As Patrick puts the finishing touches on his


chair, the Guards are attaching electrodes to
theirs.

A few years later, I ran into the defense attorney. I was meeting some friends at a bar in
the city and got there a little early. I recognized the guy right away. I had spent a lot of
hours watching him at his table, or walking back in forth in front of the jury, defending
his client. I think he might even have been wearing the same suit.

Of course, he wouldn’t recognize me, so after a couple of drinks, I went over and
introduced myself. He gaped at me for a long moment, then took my outstretched hand.
He seemed kind of shook up, so I spoke first. I told him about what I had noticed, how
everyone on the jury supported the death penalty, and even though I believed in what we
did, it got me to wondering. I knew good, decent people who disagreed with all that,
some of them in my own church. Could they never serve on a capital jury?

He nodded, maybe even chuckled a little to himself, which struck me as odd. I’ve
defended several capital cases in this state, he told me, and anyone who isn’t ready to
send someone to their death is excused. Have you ever won a case, I asked. I have, he
said, but it all comes down to questions of evidence and intent. He’s never been able to
bring up if we should even consider whether the state has a right to execute prisoners.
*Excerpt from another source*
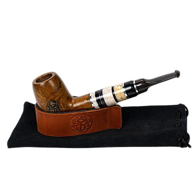 У комплект входять практичні аксесуари — замшевий чохол для зберігання та шкіряна підставка, яка дозволяє красиво розмістити люльку на столі. Це не лише функціональний аксесуар для поціновувачів тютюну, а й стильний подарунок для тих, хто цінує ручну роботу та естетику натуральних матеріалів.
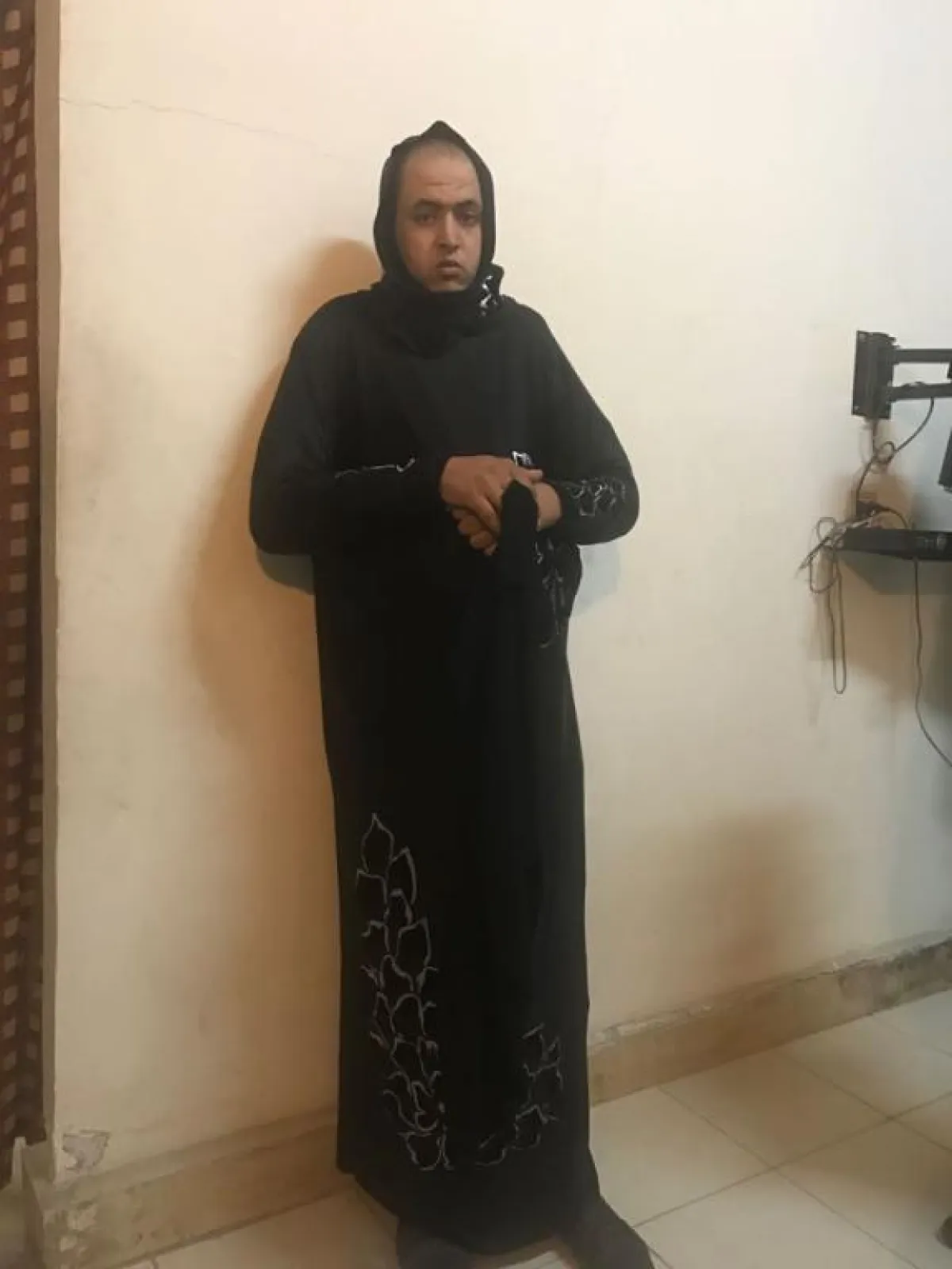 وتمكن الأمن من ضبطه وتبين أنه «تمام ع»، 25 سنة، طالب، مرتديًا ملابس نسائية «عباءة ونقاب» وبحوزته سكين، ومفك وبنسة و2 جوانتي أبيض، وبمواجهته اعترف أنه قصد التخفي تمهيداً لارتكاب واقعة سرقة من داخل محطة وقود «توتال» التي كان يعمل فيها موظف توريد إيرادات بمحطة الوقود وعلمه باحتفاظهم بمبالغ مالية كبيرة «إيرادات المحطة»، وفي سبيل ذلك قام بالتخفي في الزي النسائي؛ ليتمكن من مغافلة العاملين، والدخول دون معرفة شخصيته وسرقة الإيرادات من داخل الخزينة باستخدام المفاتيح الأصلية، التي يتم التحفظ عليها بذات مكان وجود الخزينة، وعلل ذلك لسابقة قيامه بالتوقيع على إيصال أمانة لصالح المحطة بمبلغ 100 ألف جنيه وخشية ترك العمل ومطالبته بالمبلغ.

I’m
a law and order kind of guy, I told him, but that doesn’t seem entirely fair to me.

You hit the nail on the head, my friend, he answered, which naturally got me to talking
about wood working.
5.
PATRICK (CONT'D)
He stared at me for a long moment, then shook his head and said, you really don’t know.
Don’t know what, I asked. The defendant, his client, the man we sentenced to death. They
put him in the chair that morning.

The chair on stage left has been fully assembled:


straps, cables, and a hood. During the text
above, a sobbing prisoner has been led in and is
methodically strapped in to the chair.

For one of the few times in my life, I had nothing to say. We both just worked on our
drinks and tried not to look at each other. Someone turned up the volume on the TV and
we got the latest scores. We shook hands again before he left, but it was mighty
sorrowful.

A sponge is put on top of the prisoner’s shaved


head and he is fitted with a metal hood.

My friends showed up and after a few more drinks, I told them about my conversation
with the lawyer. They just teased me, of course, told me I was getting woke. Sammy
Robertson, he’s kind of crude and a nasty drunk, he imitated being shot through with
electricity, flopping his body around with his tongue hanging out. I suppose I laughed
along with everybody else.

Patrick stands behind the chair he has


assembled, oblivious to the scene happening to
his left as the condemned is read his last rites.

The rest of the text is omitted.